Бабушка повернула ко мне голову, долго молча глядела на меня с неизъяснимой нежностью и любовью.
— Лялечка… внучка моя первая… Безбожница ты… комсомолка… Ну, все-таки дай я тебя благословлю. Не рассердишься?
— Нет, бабушка, — ответила я.
И вновь сильный взрыв шатнул наш старый дом, пока она узловатой, почти чугунной на вид, но легчайшей своей рукой медленно благословила меня. Я прижалась губами к ее руке, уже прохладной.
— Ну вот, — шелестела она еле слышно, но внятно, — ну, хоть одну внучку повидала… А Муська-то, Муська-то где?
— Она в Москве, бабушка…
— Москву-то… тоже бомбят?
— Тоже, бабушка…
— А где она, Москва? Ну, в какой стороне?
Не совсем поняв ее вопрос, я наугад указала на стену, возле которой она лежала.
— Вот в этой стороне, бабушка.
Она чуть-чуть повернулась к стене и вновь подняла свою огромную натруженную руку и небольшим крестом — на большой-то у нее уже не было сил — благословила ее, прошелестев:
— Спаси, господи, рабу твою Марию и красную твою столицу Москву…
И вдруг неведомое доселе чувство, похожее на разгорающееся зарево, начало подниматься во мне.

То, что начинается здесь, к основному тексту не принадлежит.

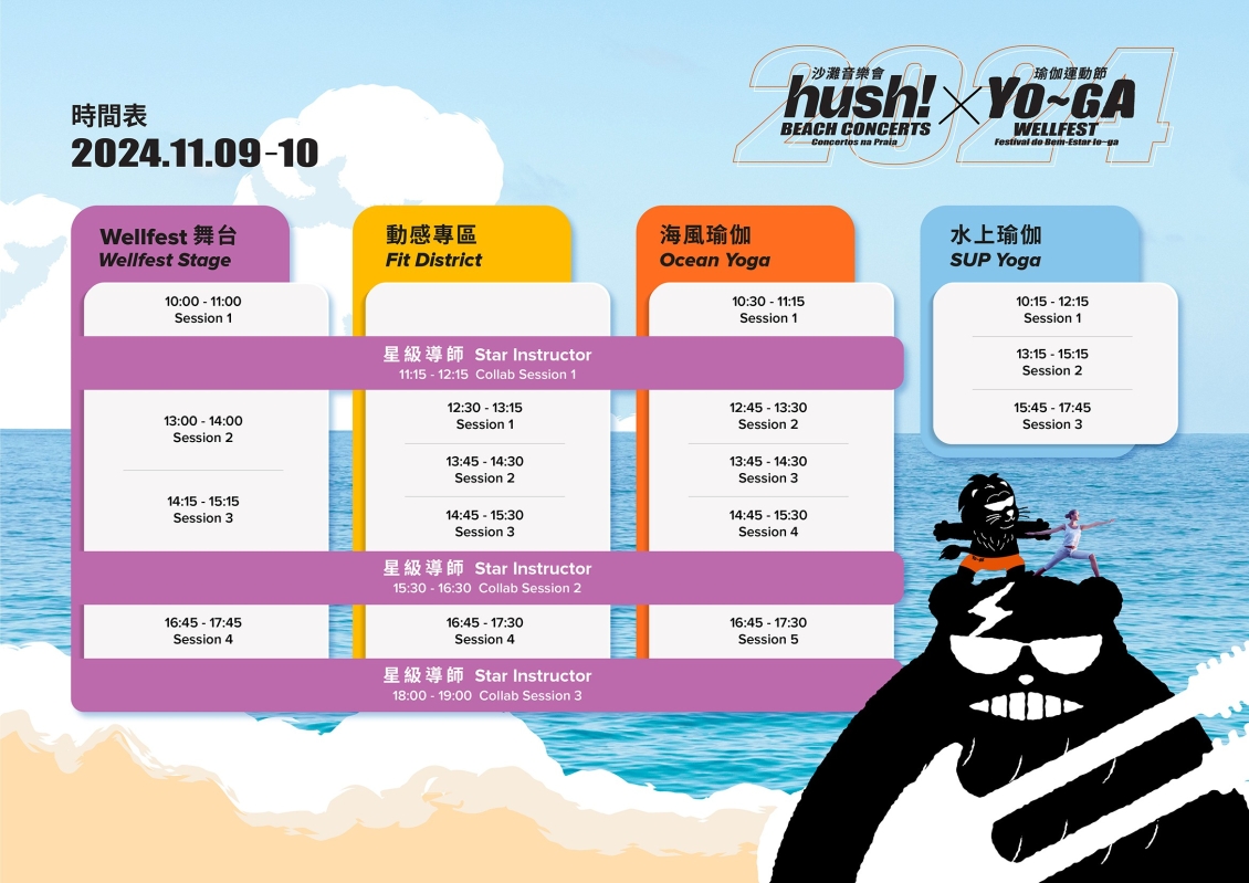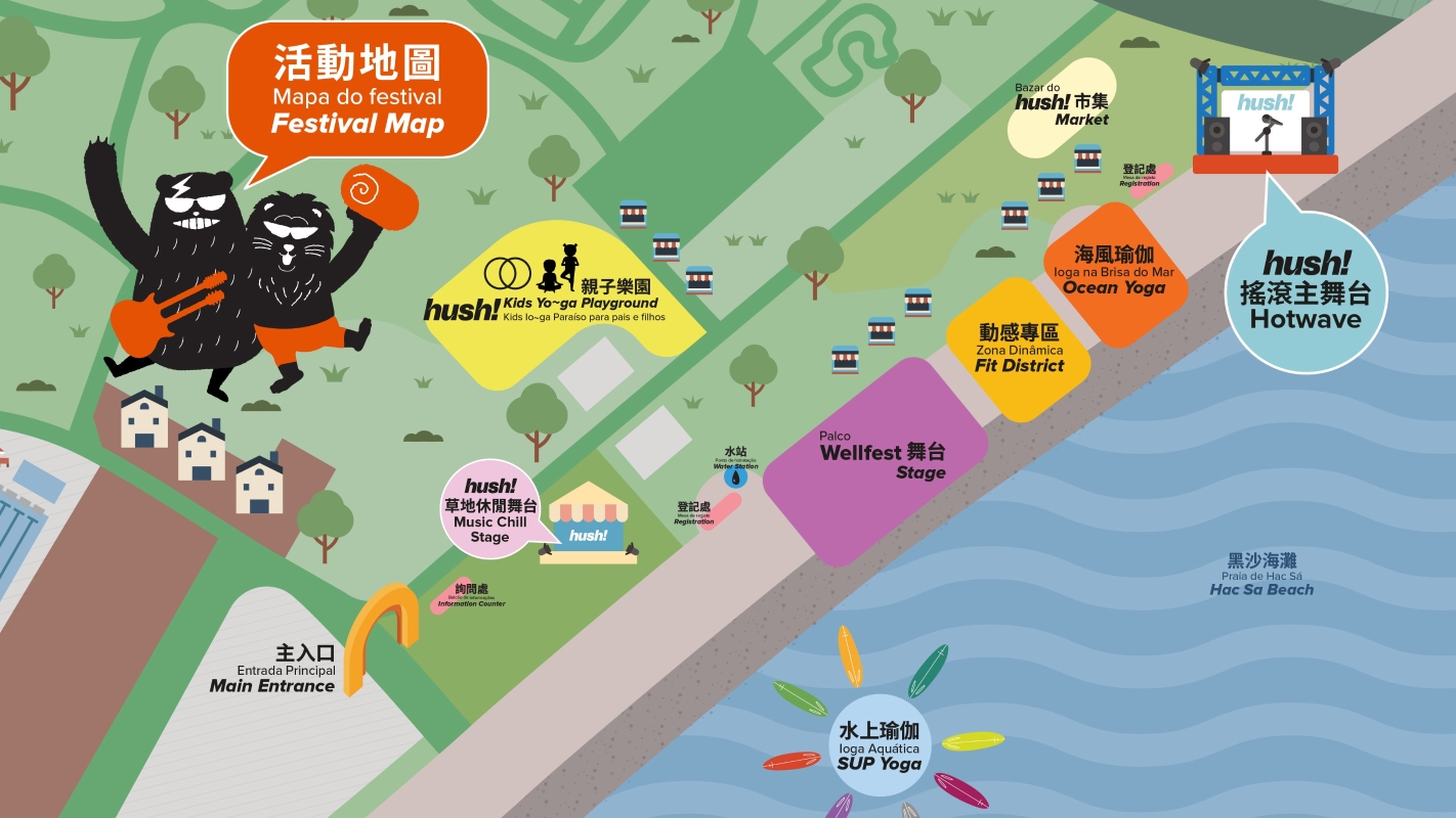 活動地圖。 為了促進社區參與,此次活動還將於11月2日至8日在媽閣塘片區舉行多項延伸活動,項目包括海上遊音樂會、電子音樂派對、戶外瑜伽工作坊等。此外,11月11日將舉辦音樂節創辦人及評審的分享交流會,進一步豐富音樂與瑜伽的體驗。 本次活動的支持機構包括澳門航空、可口可樂及多家銀行等。新聞發佈會於9月17日在美高梅維天閣舉行,澳門特別行政區政府文化局局長梁惠敏等多位官員出席。活動入場免費,瑜伽運動節的門票已於即日起在遨遊Goat手機應用程式及網上開售,票價分為60、240及360澳門元。 “hush! 沙灘音樂會 x Yo~ga 瑜伽運動節2024”預訂及票務詳情 日期:11月9日、11月10日(星期六及星期日) 地點:澳門黑沙海灘及黑沙臨時綠化休憩空間 【編輯:黃璇】

«Вот как она умирает: не спеша, торжественно… Вот прощается, благословляет… Это все, чем может она принять участие в войне… Это ее последний труд в жизни. Не смерть — последнее деяние. По-русски умирает, верней, отходят — истово, все понимая. И не в боге для нее дело, совсем не в боге. Говорили, когда умирал Павлов, он следил за своим состоянием и диктовал свои ощущении ассистенту, сидевшему около. И вот к нему постучали, хотели войти, но он ответил: «Павлов занят — Павлов умирает». Гений человечества — и темная моя бабушка… Впрочем, почему же она темная? Разве трудиться, любить, без конца любить, так, чтоб в последний час свой помнить о родных, о родине, — это не чистейшие вершины духа? Итак, гений Павлов и бабушка моя умирали одинаково — бесстрашно и все время помня о жизни, и во имя ее совершая последние деяния… Но ведь это вовсе не смерть, это вызов… Вызов бушующей кругом, насланной на нас смерти. Это воинская смерть. Но разве ж и мы не так умираем? Мы, те, кто под снарядами и кто дерется там, в этих урчащих облаках? Так! Не замечая смерти, помня только о жизни. А раз так, значит… значит, смерти просто нет, и не надо ее ничуть бояться. Неужели же это правда, что ее нет?»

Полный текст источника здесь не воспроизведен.